About 95 percent of the wetlands have disappeared as agricultural production and development expanded. The rivers’ water now is used mostly for farming.
The wetlands in this grassland are supported with Sacramento River water pumped from Northern California. The water comes through the federal Central Valley Project as part of an environmental reform law passed two decades ago.
For the first time since the law was passed in 1992, the federal refuges are getting only 50 percent of their allotment, due to drought.
That’s more water than most San Joaquin Valley farmers got from the Central Valley Project. Many irrigation districts on both east and west sides of the Valley were left with an unprecedented zero allocation, which has triggered rallies and political debates about improving water supply.
But wildlife advocates, such as Audubon California, said government leaders still need to make every effort to deliver more water to refuges, adding that refuges have not yet gotten all the water that was required in the 1992 reform law.

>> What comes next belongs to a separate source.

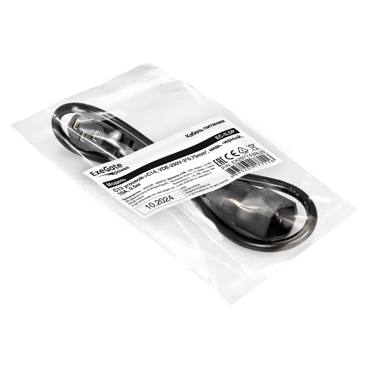ExeGate Power EC-0.5P-C13(Y)->C14/3x0.75Cu

“It’s always a drought year for birds,” said Meghan Hertel, Audubon California’s director of working lands. “When the drought and additional water issues came up earlier this year, wildlife wasn’t part of the discussion.”
Out at the San Luis refuge, the drought is obvious. Water delivery ditches are etched with cracked ground, and entire sections of the refuge are going without water in the annual October flood-up.
There are deep-water wells that are used to help flood the wetlands, but they, too, have been affected by the drought as the underground water table drops.
“When we do send water down ditches, it sometimes just sinks into the ground,” said Forrest.
More than 40,000 birds already have arrived, including northern shovelers, green-winged teals, mallards, lesser sandhill cranes and northern pintails. They settle in where they can find food, such as swamp timothy, bulrush, cattail and smart weed.
Touring the wetlands with the media earlier this month, Sparks said he was a little surprised there were so few birds to photograph that day. Maybe the birds were on the move to another part of the refuge, someone suggested. Is it possible they just moved to the surrounding agriculture?
“I don’t think so,” Sparks said. “They’re not growing crops that the birds want. I think later this year you’ll see 100 birds are gathering in a place where you would normally see only a few dozen. It will be noticeable.”
Modesto Bee staff writer John Holland contributed to this report.